__Task directions__.
Among the entries below, only the lines from the one with "With a high-waist" through the one with "Saturday you have" are to be retyped, exactly and without pictures.

__Data in this exercise__.
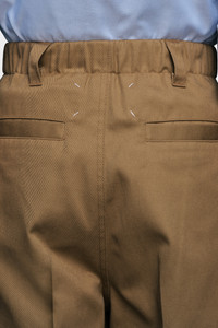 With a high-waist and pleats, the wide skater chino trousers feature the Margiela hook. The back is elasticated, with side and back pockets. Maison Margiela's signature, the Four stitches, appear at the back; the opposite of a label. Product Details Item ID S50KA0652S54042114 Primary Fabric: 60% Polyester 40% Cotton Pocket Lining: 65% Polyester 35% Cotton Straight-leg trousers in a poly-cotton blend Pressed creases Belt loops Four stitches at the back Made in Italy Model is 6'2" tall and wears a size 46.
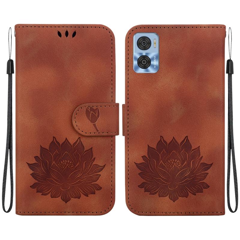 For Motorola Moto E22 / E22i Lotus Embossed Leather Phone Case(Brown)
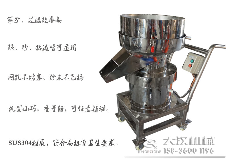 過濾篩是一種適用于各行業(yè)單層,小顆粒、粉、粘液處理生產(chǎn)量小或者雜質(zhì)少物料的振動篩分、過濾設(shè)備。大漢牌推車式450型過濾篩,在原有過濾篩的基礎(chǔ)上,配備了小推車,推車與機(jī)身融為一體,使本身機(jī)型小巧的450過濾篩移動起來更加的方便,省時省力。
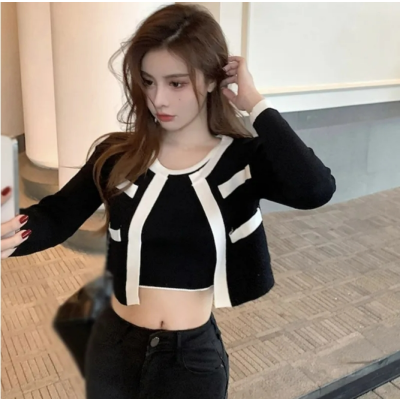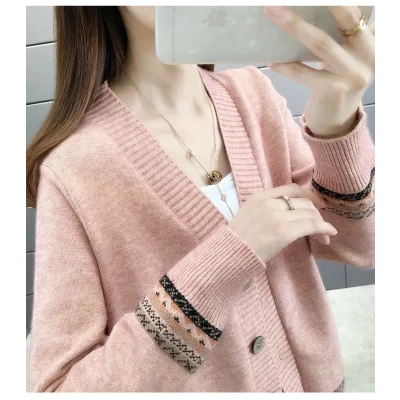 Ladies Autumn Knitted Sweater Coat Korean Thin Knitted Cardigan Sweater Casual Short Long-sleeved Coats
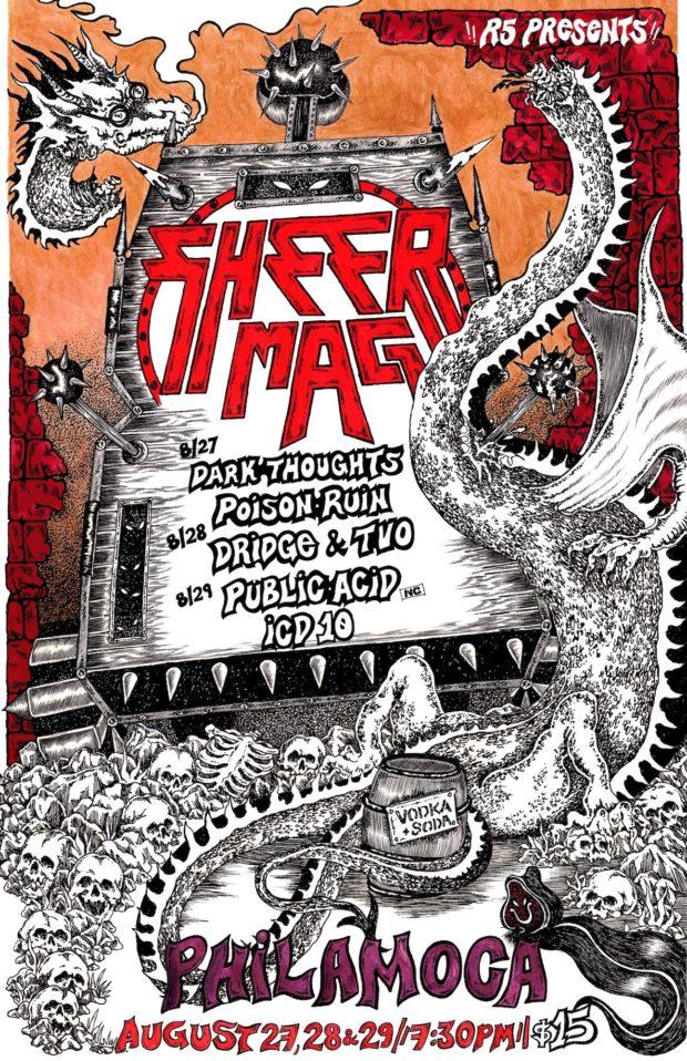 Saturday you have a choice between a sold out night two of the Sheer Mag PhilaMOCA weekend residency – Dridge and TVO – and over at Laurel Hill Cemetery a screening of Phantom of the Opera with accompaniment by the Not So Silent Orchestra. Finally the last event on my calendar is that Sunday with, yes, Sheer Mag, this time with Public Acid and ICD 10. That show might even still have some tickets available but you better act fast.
* * *
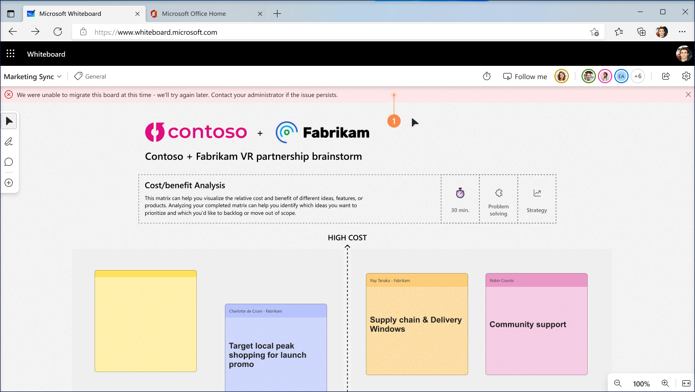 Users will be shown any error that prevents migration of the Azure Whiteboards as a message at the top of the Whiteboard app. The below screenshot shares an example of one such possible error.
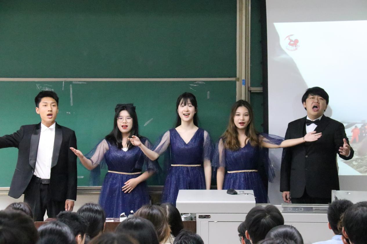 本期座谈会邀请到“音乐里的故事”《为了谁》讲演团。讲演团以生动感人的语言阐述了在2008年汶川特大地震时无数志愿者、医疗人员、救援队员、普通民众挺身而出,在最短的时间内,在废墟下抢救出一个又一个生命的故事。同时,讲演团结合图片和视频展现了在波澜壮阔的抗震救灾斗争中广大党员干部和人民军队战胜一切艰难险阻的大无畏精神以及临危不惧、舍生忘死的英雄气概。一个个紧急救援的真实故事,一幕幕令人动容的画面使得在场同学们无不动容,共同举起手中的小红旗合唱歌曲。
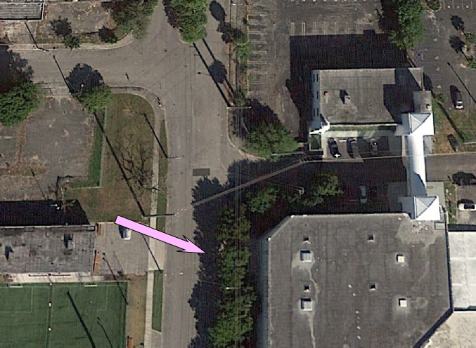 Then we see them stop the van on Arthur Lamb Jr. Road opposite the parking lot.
* * *
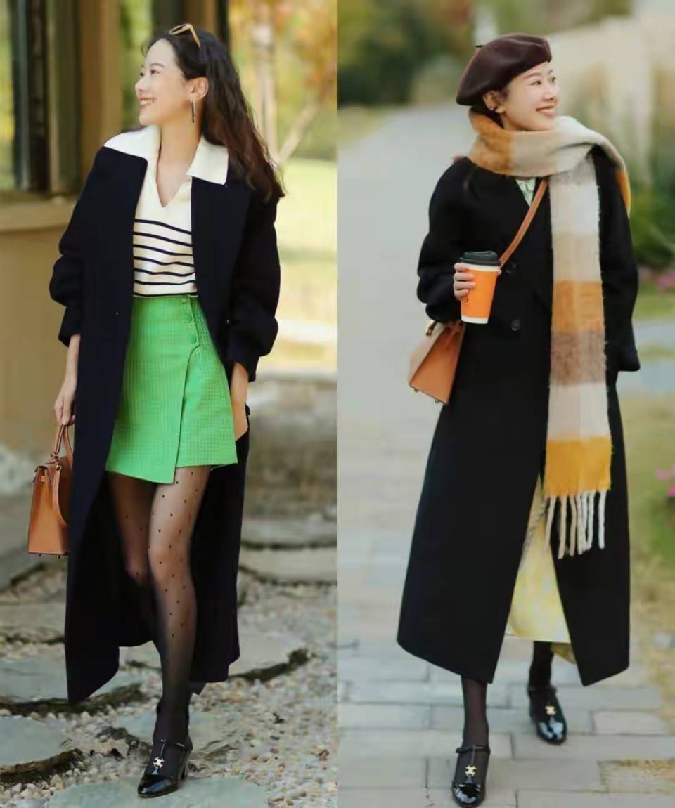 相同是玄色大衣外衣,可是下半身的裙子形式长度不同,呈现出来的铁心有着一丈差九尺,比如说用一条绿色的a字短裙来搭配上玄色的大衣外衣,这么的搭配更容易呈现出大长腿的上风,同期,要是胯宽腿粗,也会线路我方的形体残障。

__Task answer__.
 With a high-waist and pleats, the wide skater chino trousers feature the Margiela hook. The back is elasticated, with side and back pockets. Maison Margiela's signature, the Four stitches, appear at the back; the opposite of a label. Product Details Item ID S50KA0652S54042114 Primary Fabric: 60% Polyester 40% Cotton Pocket Lining: 65% Polyester 35% Cotton Straight-leg trousers in a poly-cotton blend Pressed creases Belt loops Four stitches at the back Made in Italy Model is 6'2" tall and wears a size 46.
 For Motorola Moto E22 / E22i Lotus Embossed Leather Phone Case(Brown)
 過濾篩是一種適用于各行業(yè)單層,小顆粒、粉、粘液處理生產(chǎn)量小或者雜質(zhì)少物料的振動篩分、過濾設(shè)備。大漢牌推車式450型過濾篩,在原有過濾篩的基礎(chǔ)上,配備了小推車,推車與機(jī)身融為一體,使本身機(jī)型小巧的450過濾篩移動起來更加的方便,省時省力。
 Ladies Autumn Knitted Sweater Coat Korean Thin Knitted Cardigan Sweater Casual Short Long-sleeved Coats
 Saturday you have a choice between a sold out night two of the Sheer Mag PhilaMOCA weekend residency – Dridge and TVO – and over at Laurel Hill Cemetery a screening of Phantom of the Opera with accompaniment by the Not So Silent Orchestra. Finally the last event on my calendar is that Sunday with, yes, Sheer Mag, this time with Public Acid and ICD 10. That show might even still have some tickets available but you better act fast.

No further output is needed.